Does the computer have a Brand name, like Compaq, IBm, etc of any type? Do you know who built it? 
2. RE: Modem I asked for the numbers for the Intel chip on modem...but, also need any FCCID# you could find??

3. Any way you could find the video card....post the brand, model numbers (again, if a card, wuld be in the brown AGP slot....... 
4. You are using the Apollo VIA chipset like one in this board: look at or enlarge the phot, does your board look like this one??
This board has only AGP slot...so look for a card to get info from. ATI, Rage, nvidia, etc... might be GEforcexxxx, too.

note that this Tyan board in pic has two types of CPU that can be used, a Slot type or Socket 370- is yours like this, too?


----------



## Wolfy_1972 (Aug 28, 2002)

ok not sure if this is what you're needing as im not too puter savvy
,,, but the model thats on the HD is IBM model #DJNA-351520-182115 PS

as for the chip set and all that im not really sure what you're looking for but the card above my modem is named Maestro-1 ES1948F FO28 TJWAM23 

and the modem has numeruos #'s on it there's a chip labeled INTEL 
one that says AA supreme US 0143 ,,,,022168

another chip named Ambient with the following numbers below it ...MD1724T-11VC-B W128QLO1-1064DE 0128 TAITWAthats everything listed on the modem itself
sorry i'm not much help but i'm still learning all this stuff thank you for the help AND your patience


----------



## Byteman (Jan 24, 2002)

Shawn- Modem driver from Intel should work: Download the file for win9x called ham4472win9x.exe to a folder on the hard drive....call it modem, or something creative....then, install or run the .exe (just 2 click it) Then, go to Device Manager, select "PCI COMMUNICATION DEVICE" and hit REMOVE.....and reboot, it will detect it again, and ask location of driver....change the drive to show the hard drive, C:/folder you made... should install the software for the modem. Remember, you have to run that .exe download....it installs like a programl, then and only then can it be detected right by Windows....good luck. You still need help with video driver, chipset drivers from VIA...but, I got to go so will turn this over to some others....will be back on tonite late.
Driver Modem is here:http://www.intel.com/design/modems/support/drivers.htm

Is there a common brand name for your computer, like Gateway, Dell, Compaq, eMachines....if not, do you know who built it- but, if not available, no big deal.... 
Can you find the actual label on that AGP video card....would be in the brown slot of the motherboard, according to TYAN your board would only have an add-in AGP card, not chip laying flat on motherboard. Logically enough, video card is where monitor plugs in...need any brand name, or chip numbers from the major chips on that.

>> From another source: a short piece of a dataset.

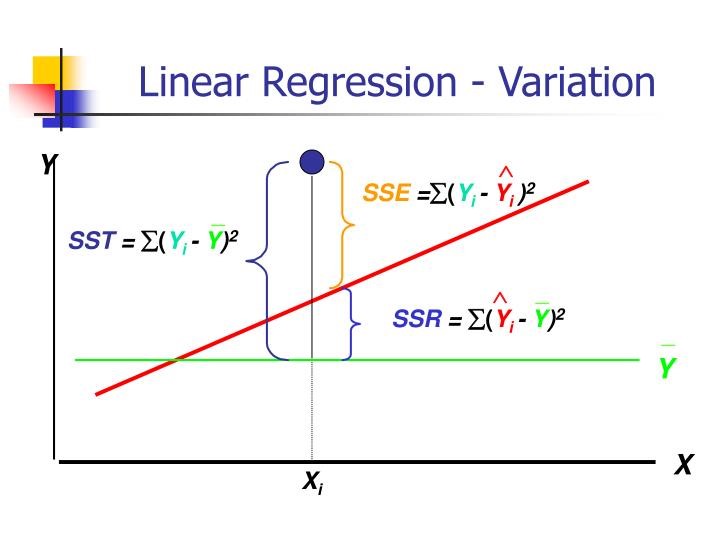 n SST(total sum of squares): 종속변수의 관측 값과 표본의 평균의 차이(편차)를 제곱하여 합한 값
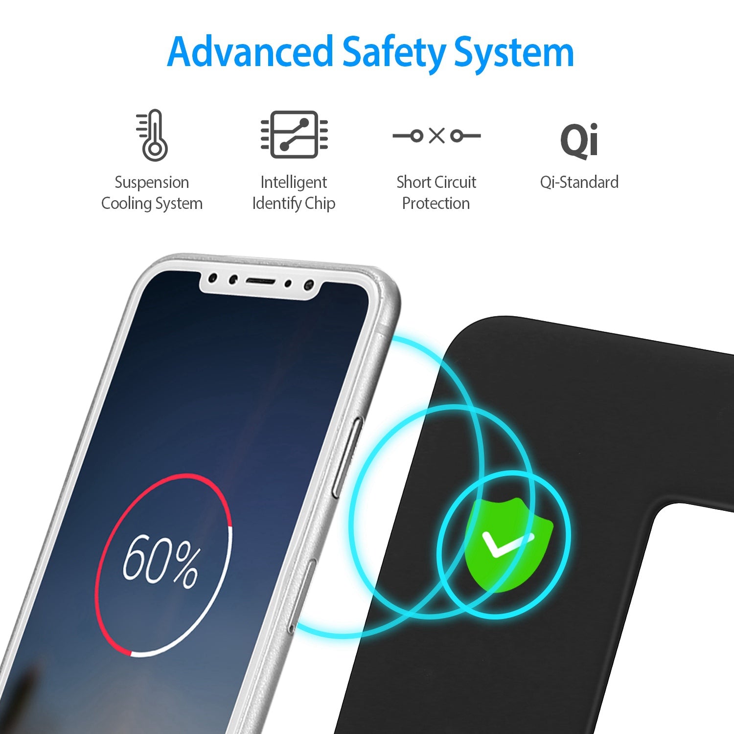 - 15W Fast Charging:7.5W fast charging mode for iPhone 11/11 Pro/11 Pro Max/XS Max,XS,XR,X / 8/8 Plus. 15W fast wireless charging,suitable for Huawei P30 Pro,Mate 20 Pro,Mate 20 RS. 10W wireless charging for Samsung Galaxy S10,S10 Plus,S10E,S9 Plus,S9,Note 9,Note 8,S8,S8 Plus,S7,S7 Edge. Other Qi standard phones support 5W wireless charging.(Mobile phones with wireless charging can be charged.)

Your sound working OK? You appear to have a Maestro-1 ES1948F card or onboard....onboard chip means it is only a chip which lays flat on motherboard surface, while a card is standing up in a PCI slot- again, each device may have one brand of chip on it, but the card itself is called something else...and again, we can get drivers for the chip of the device, but sometimes they are not as good as the ones from the maker of the card....hope this is not too confusing... if sound is working, just skip that for now.

More important to get chipset drivers for motherboard itself first, then video... and modem.
Couple of my posts back, I did not send the link with a picture of your suspected motherboard, sorry- anyway, look at it, click the pic which is down the page some, to enlarge, does it look the same as your motherboard? Note it can use either a slot type CPU or the Socket 370 Celeron....
board pic is here:
http://www.anandtech.com/showdoc.html?i=1119


----------



## Wolfy_1972 (Aug 28, 2002)

yes that looks EXACTLY like my motherboard,,,modem problems were fixed by your last post i.e(hamm4472win9x),,,still having monitor problems though,, device manager says that the device is working properly but there are no drivers installed for it,,,when ever i try to update the driver it ask for the disk labeled KDS monitor,,,which i do not have i didnt recieve any disk with the pc when i brought it home,,,the monitor is Korean Data Systems Visual Sensations 19 inch multi-scan color monitor serial # 1282101817 FCC ID=EVOKD-1900 if you need more info let me know thank you again for ALLLLLLL your help and patience


----------



## Byteman (Jan 24, 2002)

Well, One down and a few more to go! Will try one more time:
You need to download and run the VIA 4 in one drivers for your motherboard, from the link a few posts back... [there is instruction link, read that first!! It explains about the file unzipping stuff... [EDIT] ]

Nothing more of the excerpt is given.